Chapitre 52
Plaisirs en vue
Rose
Jeanne observe avec adoration le fils du baron de Brisson tandis que Louis ne la quitte pas du regard, veillant sur elle comme s’il était son propre père. C’est plutôt adorable de le voir si protecteur alors qu’il y a quelques minutes, il se montrait très entreprenant avec une demoiselle que je ne connais même pas. Il faut croire que Tante Marie a envoyé ses propres invitations, parce qu’il y a plus de monde que prévu. Thérèse avait tout prévu, à croire qu’elles ont manigancé toutes les deux pour je ne sais quelle raison. Ou Marie s’est peut-être montrée assez autoritaire pour que notre cuisinière prévoie large ? C’est bien probable.
En cherchant Philippe du regard, je tombe sur Marcus, caché sous une table du buffet avec un autre jeune garçon, le nez dans son assiette et sa chemise déjà tachée. J’aurais difficilement pu imaginer ce petit trublion sagement debout aux côtés de son père, même s’il m’a surprise en se tenant à carreau durant la cérémonie. A croire qu’il a épuisé sa capacité à rester sage, nous n’obtiendrons plus rien de lui, il est temps de profiter et il préfère, à raison, se faire des amis.

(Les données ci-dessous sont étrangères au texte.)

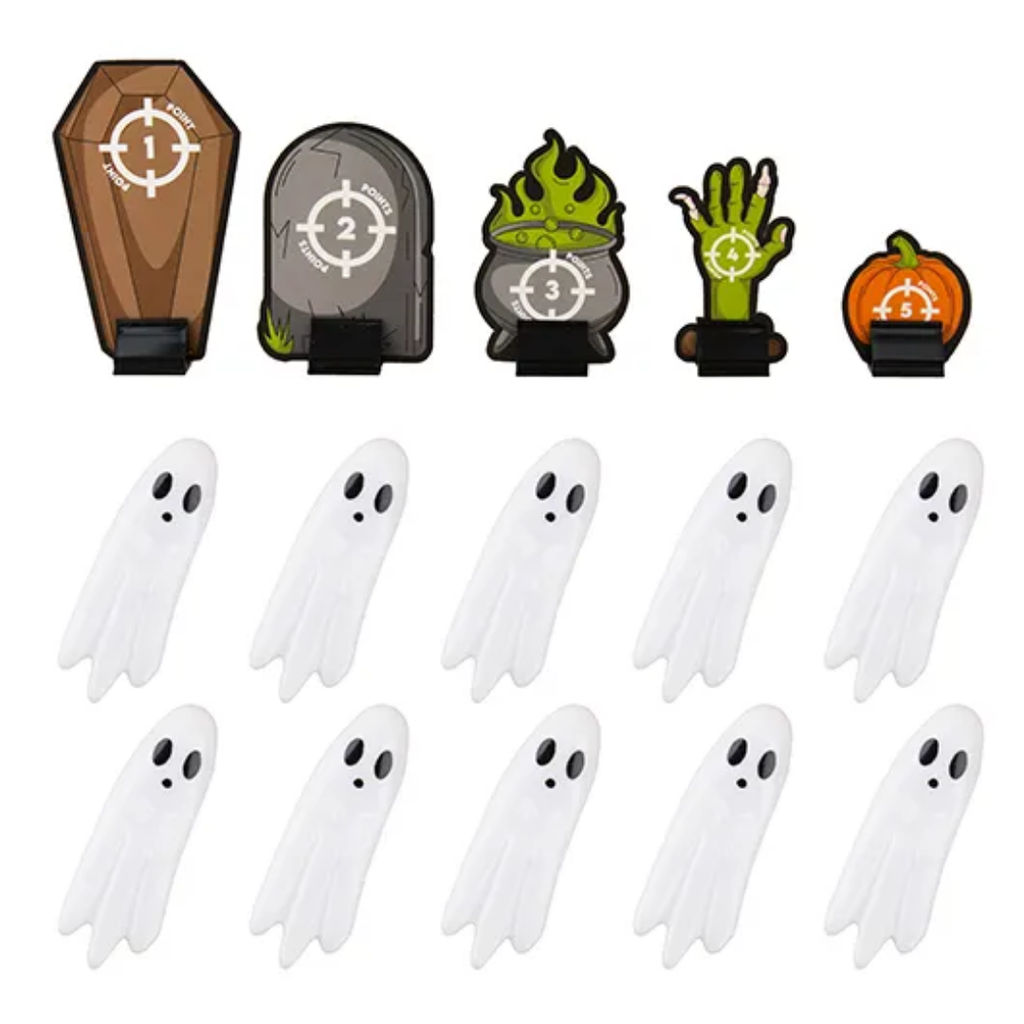 - Includes everything you need – 10 sticky ghost slingers, 5 haunted targets with stands, and full instructions

Je suis mariée… Je peine à y croire, à réaliser que j’ai sauté le pas, que j’ai accepté de m’enchaîner à un homme, qui plus est plus âgé que moi, déjà père de deux enfants et un peu trop élogieux à l’encontre de l’Empereur. Nous sommes si différents l’un de l’autre qu’il me paraît fou d’avoir franchi cette étape. Lui qui a déjà vécu une vie auprès de sa défunte épouse est, selon certains hommes avec qui je l’ai entendu parler, un fou de se faire une nouvelle fois passer la corde au cou alors qu’il aurait pu voguer de femme en femme, vivre des plaisirs de la chair jusqu’à la fin de ses jours.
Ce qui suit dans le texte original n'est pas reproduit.